#### EXERCISE AIM:
Skip the pictures. Output only the lines below starting at the line with "Artikel D1E03 in" and ending at the line with "KUVVETLİ YAĞIŞ UYARISI: Yağışların;", both ends included, exactly as they are.

#### RECORD EXTRACTS:
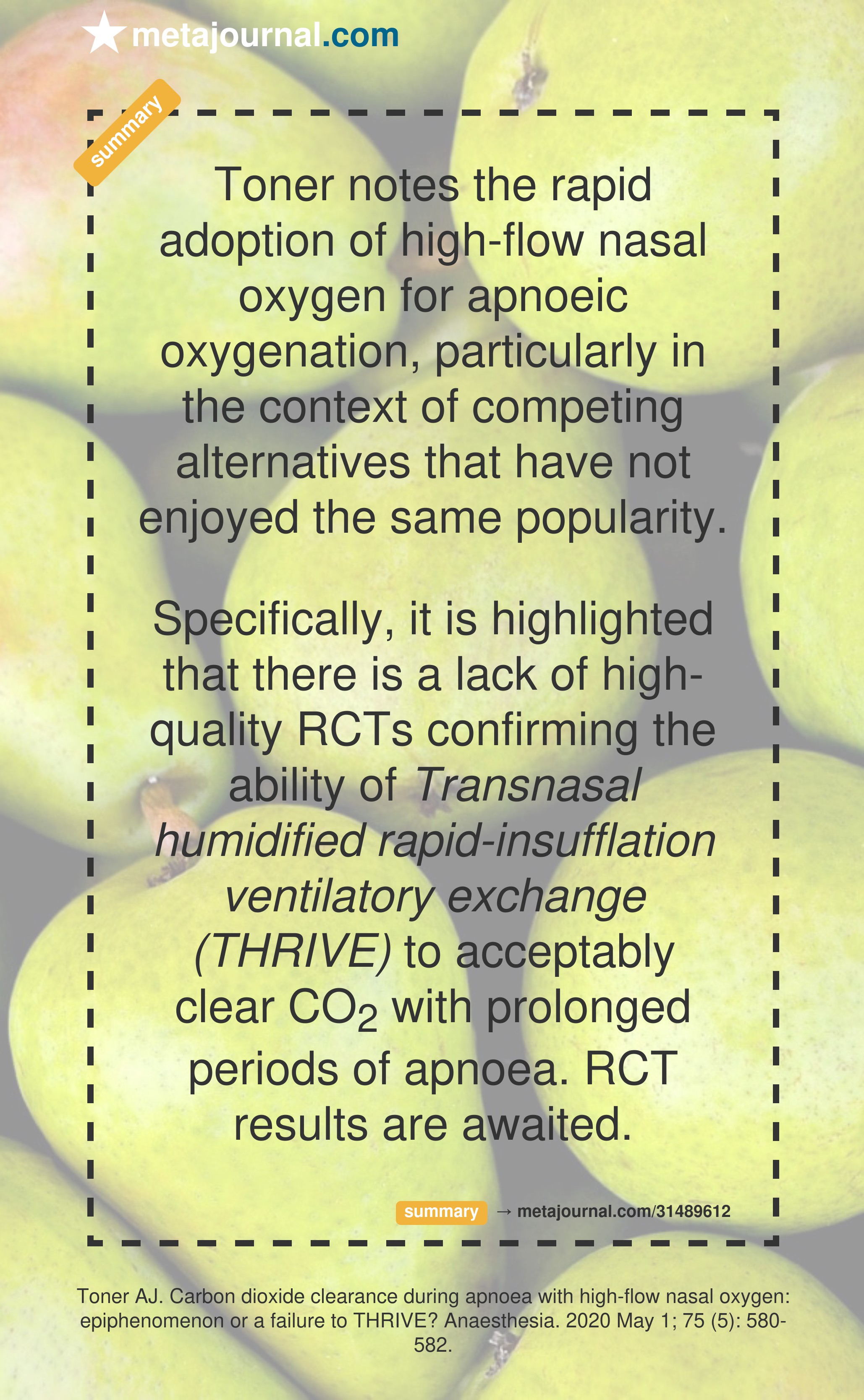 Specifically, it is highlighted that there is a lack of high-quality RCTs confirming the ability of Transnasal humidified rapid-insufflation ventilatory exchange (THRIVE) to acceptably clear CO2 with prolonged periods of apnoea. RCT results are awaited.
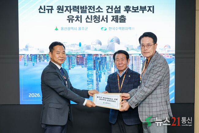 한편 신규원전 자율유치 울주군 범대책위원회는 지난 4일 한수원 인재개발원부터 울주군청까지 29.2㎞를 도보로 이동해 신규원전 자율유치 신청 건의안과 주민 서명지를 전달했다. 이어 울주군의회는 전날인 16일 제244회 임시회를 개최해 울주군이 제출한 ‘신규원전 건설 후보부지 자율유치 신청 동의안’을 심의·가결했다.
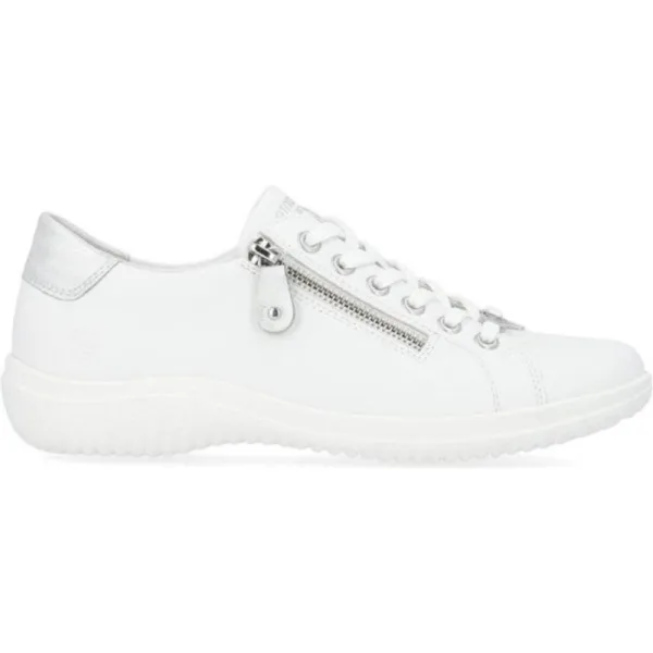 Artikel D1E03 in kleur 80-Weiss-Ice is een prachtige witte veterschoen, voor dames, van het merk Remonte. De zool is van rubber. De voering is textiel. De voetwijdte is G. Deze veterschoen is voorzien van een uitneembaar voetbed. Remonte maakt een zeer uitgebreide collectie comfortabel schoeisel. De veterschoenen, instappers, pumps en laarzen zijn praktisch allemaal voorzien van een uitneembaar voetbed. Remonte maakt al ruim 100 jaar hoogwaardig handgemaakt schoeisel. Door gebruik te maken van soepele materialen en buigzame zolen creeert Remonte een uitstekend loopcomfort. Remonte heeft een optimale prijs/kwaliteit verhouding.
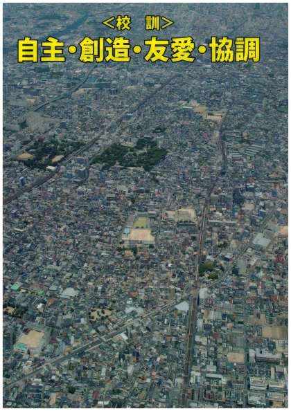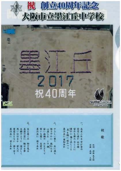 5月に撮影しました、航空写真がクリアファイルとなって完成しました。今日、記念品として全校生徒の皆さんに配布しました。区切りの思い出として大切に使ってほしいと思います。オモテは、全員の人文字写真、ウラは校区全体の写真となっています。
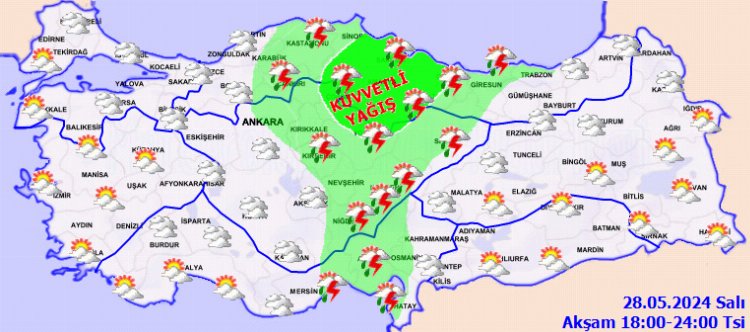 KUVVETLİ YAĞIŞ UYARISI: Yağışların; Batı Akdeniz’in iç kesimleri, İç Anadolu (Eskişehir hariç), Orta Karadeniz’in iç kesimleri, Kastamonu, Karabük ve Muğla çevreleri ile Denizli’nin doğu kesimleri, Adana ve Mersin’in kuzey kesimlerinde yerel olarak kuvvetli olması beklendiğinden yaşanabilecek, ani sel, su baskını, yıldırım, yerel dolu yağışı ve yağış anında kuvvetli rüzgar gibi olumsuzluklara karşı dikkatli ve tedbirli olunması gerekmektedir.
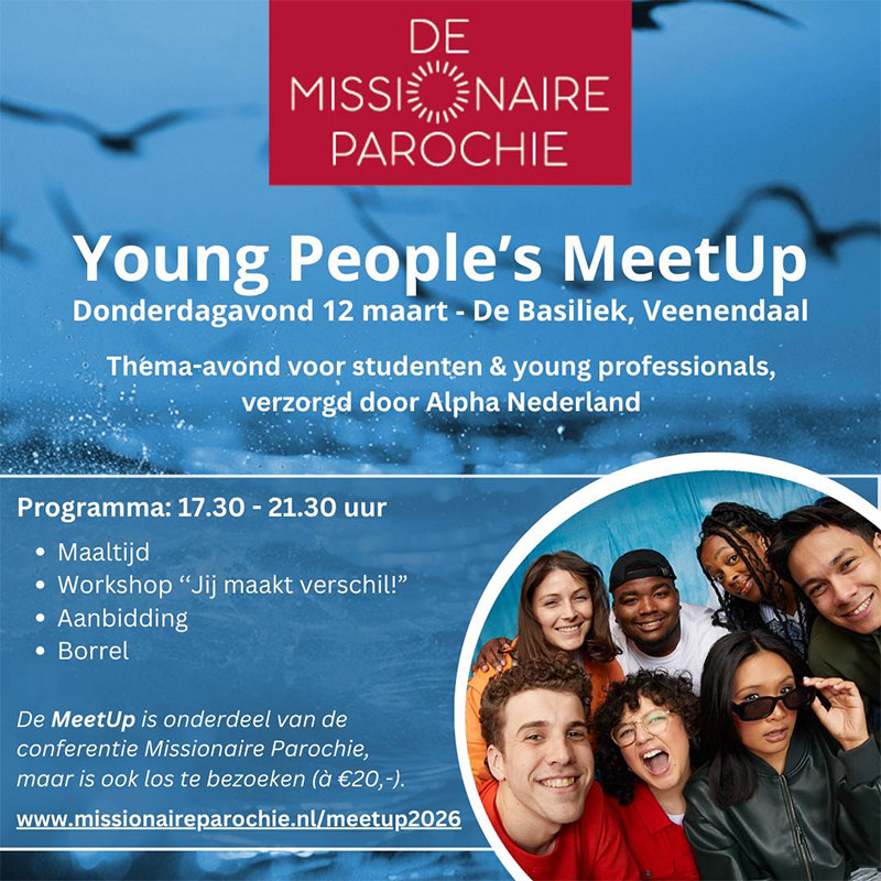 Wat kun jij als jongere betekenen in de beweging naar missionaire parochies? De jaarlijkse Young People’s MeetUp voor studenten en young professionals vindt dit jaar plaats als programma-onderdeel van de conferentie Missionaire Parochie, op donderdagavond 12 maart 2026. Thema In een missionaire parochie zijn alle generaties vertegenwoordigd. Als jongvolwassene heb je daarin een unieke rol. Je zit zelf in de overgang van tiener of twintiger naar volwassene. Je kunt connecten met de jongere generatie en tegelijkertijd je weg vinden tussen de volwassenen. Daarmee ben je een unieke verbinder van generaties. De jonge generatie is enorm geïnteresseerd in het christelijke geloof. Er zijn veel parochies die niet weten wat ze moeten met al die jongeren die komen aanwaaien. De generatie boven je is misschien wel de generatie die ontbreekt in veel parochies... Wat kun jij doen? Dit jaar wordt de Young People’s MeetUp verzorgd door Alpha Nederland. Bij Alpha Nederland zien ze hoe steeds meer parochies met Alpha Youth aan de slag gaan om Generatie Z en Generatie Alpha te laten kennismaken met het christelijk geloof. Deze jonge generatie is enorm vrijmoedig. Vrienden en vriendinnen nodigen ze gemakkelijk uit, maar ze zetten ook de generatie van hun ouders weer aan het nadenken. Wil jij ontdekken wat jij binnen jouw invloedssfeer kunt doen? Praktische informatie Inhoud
...
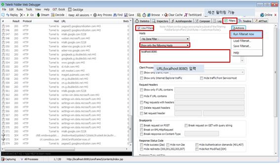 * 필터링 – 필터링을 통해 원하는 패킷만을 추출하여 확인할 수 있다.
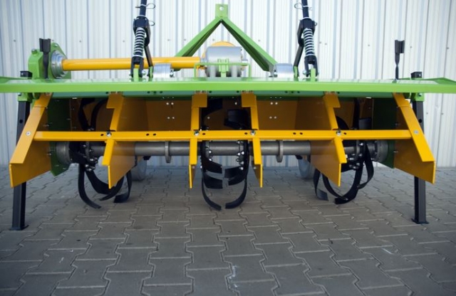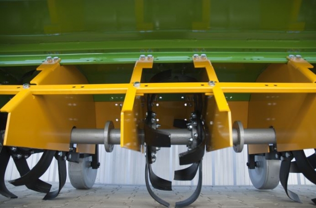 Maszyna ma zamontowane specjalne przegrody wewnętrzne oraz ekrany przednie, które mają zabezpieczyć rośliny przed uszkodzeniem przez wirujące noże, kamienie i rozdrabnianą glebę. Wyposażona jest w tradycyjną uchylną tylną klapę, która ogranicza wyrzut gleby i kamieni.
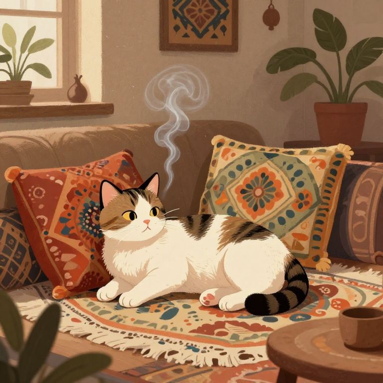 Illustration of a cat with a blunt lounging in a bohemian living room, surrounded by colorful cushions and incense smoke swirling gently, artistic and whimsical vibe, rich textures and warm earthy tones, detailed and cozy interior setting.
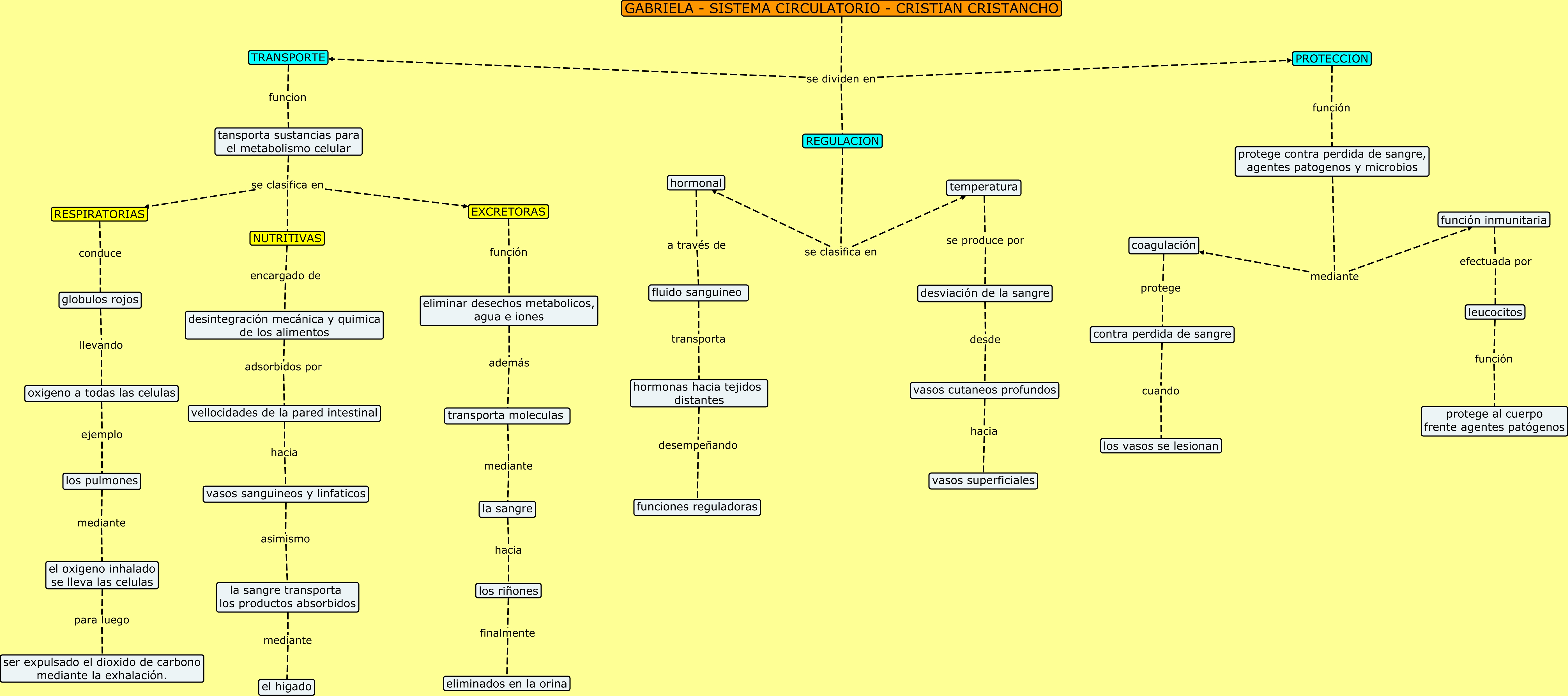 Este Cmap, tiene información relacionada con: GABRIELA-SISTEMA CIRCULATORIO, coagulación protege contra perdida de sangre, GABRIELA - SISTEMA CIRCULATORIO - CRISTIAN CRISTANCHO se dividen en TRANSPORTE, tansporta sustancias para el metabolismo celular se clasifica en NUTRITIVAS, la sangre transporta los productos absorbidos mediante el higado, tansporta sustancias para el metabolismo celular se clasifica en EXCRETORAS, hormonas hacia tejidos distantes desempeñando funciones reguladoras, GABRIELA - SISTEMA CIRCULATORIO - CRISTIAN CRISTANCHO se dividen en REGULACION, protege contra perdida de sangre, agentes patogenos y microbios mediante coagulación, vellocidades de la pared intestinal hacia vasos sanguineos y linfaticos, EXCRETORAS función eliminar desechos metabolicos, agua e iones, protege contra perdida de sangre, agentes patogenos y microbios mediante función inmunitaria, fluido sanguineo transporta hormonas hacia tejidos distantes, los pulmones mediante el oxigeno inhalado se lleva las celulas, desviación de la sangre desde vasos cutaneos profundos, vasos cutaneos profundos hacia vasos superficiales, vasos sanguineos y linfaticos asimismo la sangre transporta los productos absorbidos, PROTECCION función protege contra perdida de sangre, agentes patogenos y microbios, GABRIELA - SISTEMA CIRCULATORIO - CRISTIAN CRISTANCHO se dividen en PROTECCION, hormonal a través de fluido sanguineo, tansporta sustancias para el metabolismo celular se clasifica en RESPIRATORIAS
==
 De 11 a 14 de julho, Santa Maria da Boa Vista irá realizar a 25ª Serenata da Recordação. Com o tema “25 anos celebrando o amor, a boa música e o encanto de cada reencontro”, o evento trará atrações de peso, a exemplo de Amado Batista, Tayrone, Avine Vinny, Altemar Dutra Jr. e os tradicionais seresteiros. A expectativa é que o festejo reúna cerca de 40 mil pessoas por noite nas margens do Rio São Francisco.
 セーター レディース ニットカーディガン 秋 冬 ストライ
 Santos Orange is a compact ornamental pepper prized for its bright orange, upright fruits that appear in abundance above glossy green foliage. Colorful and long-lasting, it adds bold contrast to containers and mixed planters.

#### YOUR RESPONSE:
 Artikel D1E03 in kleur 80-Weiss-Ice is een prachtige witte veterschoen, voor dames, van het merk Remonte. De zool is van rubber. De voering is textiel. De voetwijdte is G. Deze veterschoen is voorzien van een uitneembaar voetbed. Remonte maakt een zeer uitgebreide collectie comfortabel schoeisel. De veterschoenen, instappers, pumps en laarzen zijn praktisch allemaal voorzien van een uitneembaar voetbed. Remonte maakt al ruim 100 jaar hoogwaardig handgemaakt schoeisel. Door gebruik te maken van soepele materialen en buigzame zolen creeert Remonte een uitstekend loopcomfort. Remonte heeft een optimale prijs/kwaliteit verhouding.
 5月に撮影しました、航空写真がクリアファイルとなって完成しました。今日、記念品として全校生徒の皆さんに配布しました。区切りの思い出として大切に使ってほしいと思います。オモテは、全員の人文字写真、ウラは校区全体の写真となっています。
 KUVVETLİ YAĞIŞ UYARISI: Yağışların; Batı Akdeniz’in iç kesimleri, İç Anadolu (Eskişehir hariç), Orta Karadeniz’in iç kesimleri, Kastamonu, Karabük ve Muğla çevreleri ile Denizli’nin doğu kesimleri, Adana ve Mersin’in kuzey kesimlerinde yerel olarak kuvvetli olması beklendiğinden yaşanabilecek, ani sel, su baskını, yıldırım, yerel dolu yağışı ve yağış anında kuvvetli rüzgar gibi olumsuzluklara karşı dikkatli ve tedbirli olunması gerekmektedir.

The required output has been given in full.